If such platforms are open access and usable free of charge, consideration should be given to partner or sponsor status in order to sustainably support open infrastructures and to illustrate the Helmholtz Association’s commitment to open science.
Moreover, research software that is complex and essential for a scientific community should be understood as infrastructure that is developed, maintained, and operated over many years. There are high demands on reliability, quality, and documentation, as well as on training and community building. Accordingly, the Helmholtz Association and its Centers must preserve research software on a long-term basis.
Recommended measures and framework conditions for the creation and introduction of suitable infrastructures and processes are:
- Supplementation of the publication policy and the publication database for recording and releasing software publications with reference to suitable storage infrastructures19
- Development of discipline-specific competence centers (core facilities) to support scientists in designing, implementing and optimizing software
- Provision of software development platforms that can be used for the training, the testing, and the start-up phase of new software projects20
- Provision of a preferably diverse and powerful hardware testing platform for the continuous integration of the developed versions21
- Archiving of the published releases in repositories and assignment of a Digital Object Identifier (DOI) or another persistent identifier (PID)
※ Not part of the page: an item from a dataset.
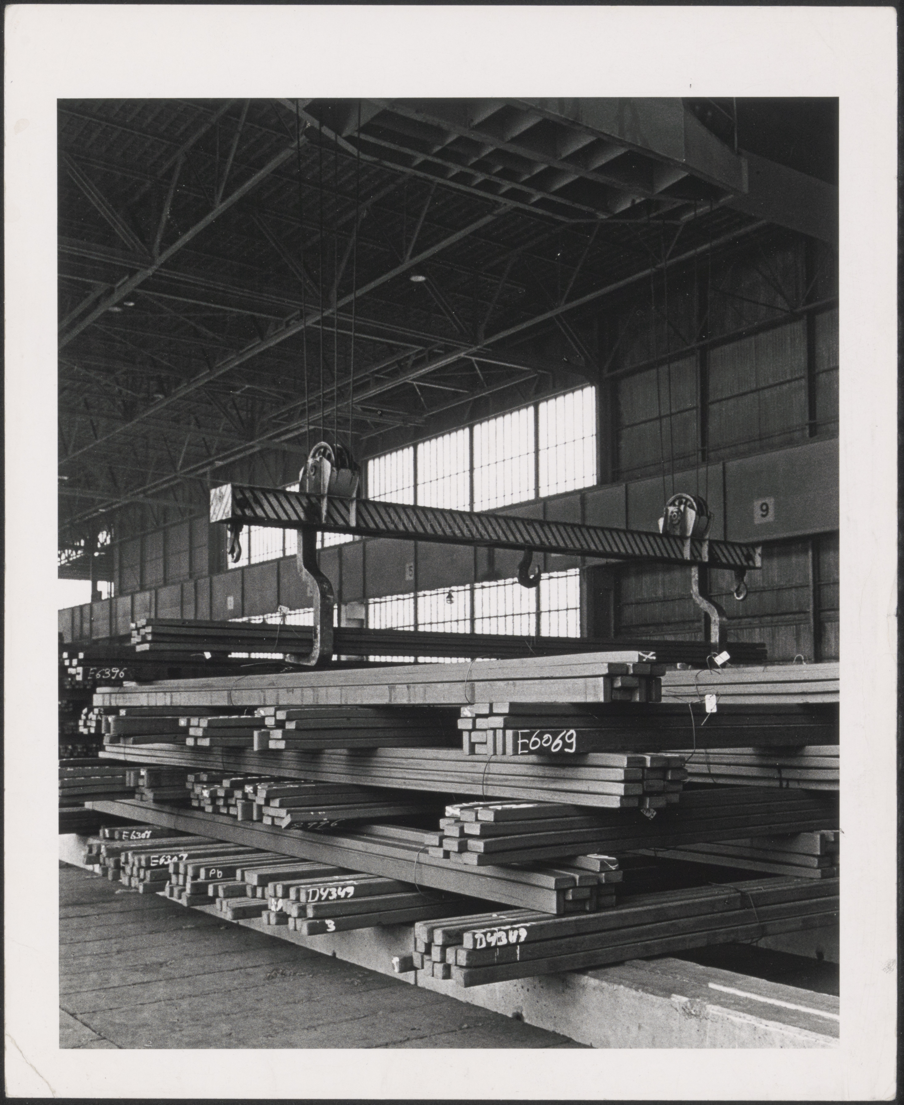 - Opslag van staven ruw metaal (knuppels) bij de kabelfabriek in Alblasserdam.

For some of these measures, it will be appropriate to develop a cross-Center solution for the Helmholtz Association in the medium term.
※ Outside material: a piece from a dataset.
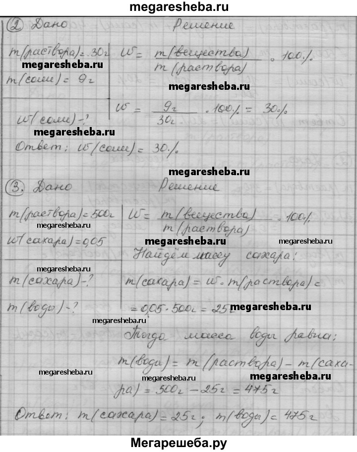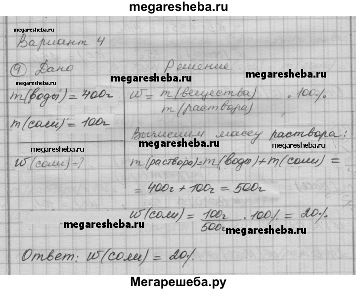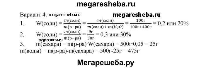 Вариант 4 1. В 400 г воды растворили 100 г соли. Рассчитайте массовую долю вещества в растворе. 2. При выпаривании 30 г раствора получили 9 г соли. Рассчитайте массовую долю растворенного вещества. 3. Рассчитайте массы сахара и воды, которые нужно взять для приготовления 500 г раствора с массовой долей сахара 0,05.

When providing infrastructures of their own, Centers should make sure that they have a sustainable human resources policy that ensures that they retain the know-how of employees for operating the infrastructures and supporting researchers in the long term.
The advancement of knowledge in science depends increasingly on research software. Thus, software has a significant influence on the quality of the research results achieved and on their reproducibility and verifiability. The Helmholtz Centers are therefore recommended to define and introduce adequate quality standards for the development and making available of research software.
Best practices of software engineering play a decisive role in compliance with software standards. When developing software, the application of tried-and-tested methods according to defined rules serves as a guide for employees in order to create software with a high standard of quality that enables transparency, reuse, and further development. Minimum standards for the development of research software should therefore be developed, used, and reviewed.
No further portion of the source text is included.